By Carla Mozee

Latin American stocks slid Tuesday as ratings cuts on the sovereign debt of Greece and Portugal heightened investor worries that the countries' economic troubles may end up hurting economies worldwide.

Brazil's equity benchmark, the Bovespa, led declines in the region with its drop of 2.4%. The decline pushed the Bovespa into the red on a year-to-date basis.

Mexico's IPC fell 2.2%, Argentina's Merval fell 2% and Chile's IPSA lost 0.7%.

U.S. stocks were hit as well, with the S&P 500 Index (SPX) down 1.7% and the Dow Jones Industrial Average (DJI) off 144 points to 11, 060. At the same time, the CBOE Market Volatility Index (VIX), known as Wall Street's fear gauge, jumped as much as 22% during the session.

The sell-off in the markets accelerated following Standard & Poor's decision to cut Greece's debt to the junk rating of BB+. It also lowered Portugal's long-term ratings by two notches to A-. The outlooks on the ratings are negative.
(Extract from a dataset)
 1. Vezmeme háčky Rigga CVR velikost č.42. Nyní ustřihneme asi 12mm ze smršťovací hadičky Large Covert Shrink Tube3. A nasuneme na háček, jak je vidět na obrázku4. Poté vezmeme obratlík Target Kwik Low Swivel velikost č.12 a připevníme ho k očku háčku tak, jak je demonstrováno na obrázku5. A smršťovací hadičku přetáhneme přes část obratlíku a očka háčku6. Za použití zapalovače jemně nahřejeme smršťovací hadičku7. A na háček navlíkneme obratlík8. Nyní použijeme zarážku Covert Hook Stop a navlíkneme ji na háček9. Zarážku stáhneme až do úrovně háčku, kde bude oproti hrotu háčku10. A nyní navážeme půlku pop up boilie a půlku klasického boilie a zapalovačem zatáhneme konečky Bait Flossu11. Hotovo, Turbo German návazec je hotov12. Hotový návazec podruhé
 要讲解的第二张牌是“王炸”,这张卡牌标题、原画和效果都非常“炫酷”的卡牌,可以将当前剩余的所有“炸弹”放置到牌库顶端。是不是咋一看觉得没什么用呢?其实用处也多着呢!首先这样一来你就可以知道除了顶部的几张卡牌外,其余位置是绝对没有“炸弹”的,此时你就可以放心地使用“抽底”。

The ratings downgrades "have set off another nasty bout of risk aversion. The worry is now that the fiscal/debt crisis in Greece is set to reach a cathartic climax much sooner than had been anticipated," wrote Citigroup Latin America strategists Geoffrey Dennis and Jason Press in a clients' note Tuesday.

As individual stocks were hit, so were exchange-traded funds. The iShares Brazil Index Fund (EWZ) and the iShares MSCI Mexico Index Fund (EWW) each fell 3%. The iShares MSCI Chile Investable Index fund (ECH) lost 2%.
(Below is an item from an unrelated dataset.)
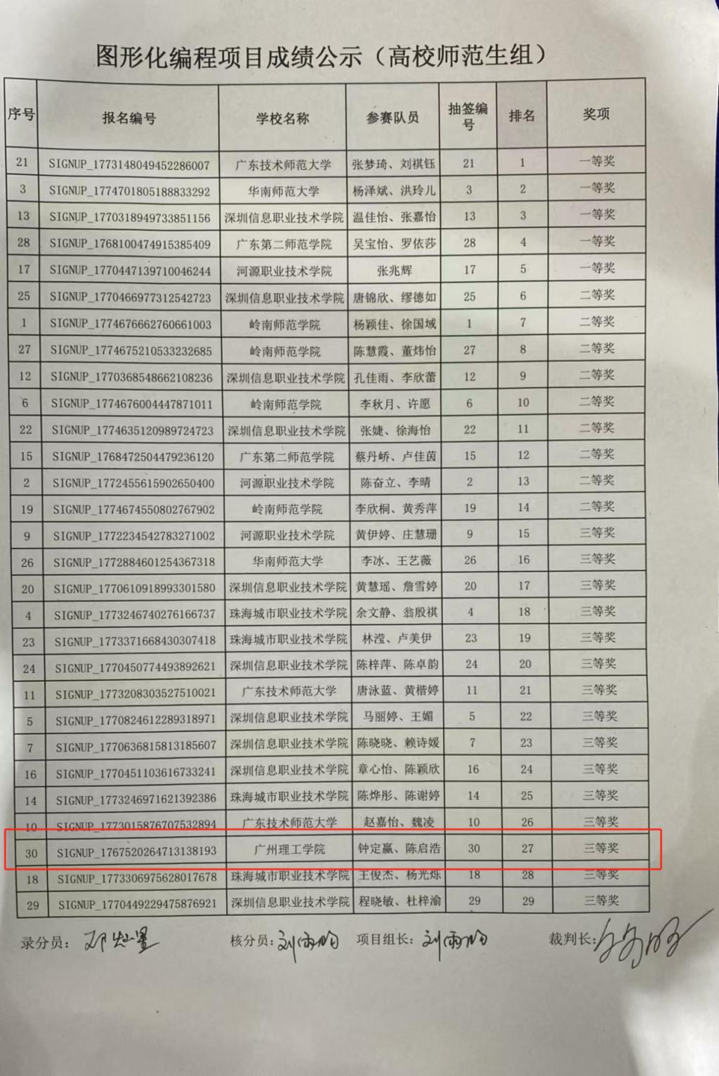 (通讯员:黄敏旋)5月25日,在第二十五届粤澳员工信息科技创新大赛中,公司员工钟定赢,陈启浩凭借出色的创新能力和扎实的专业知识,在黄敏旋老师的指导下成功斩获计算思维赛道图形化编程赛项三等奖殊荣。这是公司学子首次参加该赛事并获奖,是公司加强员工综合素质培养、提升员工创新实践能力的重要体现。

If Greece were to default on debt, Latin American equities would be affected by "a fair amount" in the short-term, but by "very little" in the long-term, wrote the Citigroup strategists.

"The region's sound fundamentals are intact. While we understand that investors may want to be more defensive near-term, we would still recommend buying this sell-off. Mexico is likely to remain more defensive than Brazil near-term."

The U.S. dollar gained ground against the currencies of Mexico and Brazil as well as the euro as investors sought shelter from the safe-haven status of the greenback. Mexico's peso traded at 12.335 per dollar compared with 12.153 on Monday. The real fell to 1.766 from 1.744 in the previous session.

The dollar index (DXY), which measures the U.S. unit against a weighed basket of six other currencies, rose 0.7% to 82.04.

The rise in the dollar pushed dollar-denominated commodities prices lower, and prompted selling in resources-related stocks. In Brazil, shares of oil giant Petrobras (PBR) dropped 2.2% as crude oil for June delivery fell 2.1% to $82.44 a barrel, the lowest close for most-active contract in nearly a month.

Copper for July delivery slumped 4.6% as concerns that economic troubles in the euro-zone will lead to a pullback in demand for the industrial metal. Platinum fell 1.4% and silver fell 1.2%.

Sao Paulo-traded shares of Vale (RIO), the world's largest iron-ore provider, slid 3.4%. Shares of sugar and ethanol producer Cosan (CZZ) fell 4.6% and pulp and paper producer Fibria (FBR) gave up 4.7%.

In Mexico, copper producer Grupo Mexico shares fell 2.6%. Also lower were shares of Cemex (CX), down 3.8% after the cement supplier posted a first-quarter loss from continuing operations of $341 million as sales fell 10% to $3 billion from the year-ago period.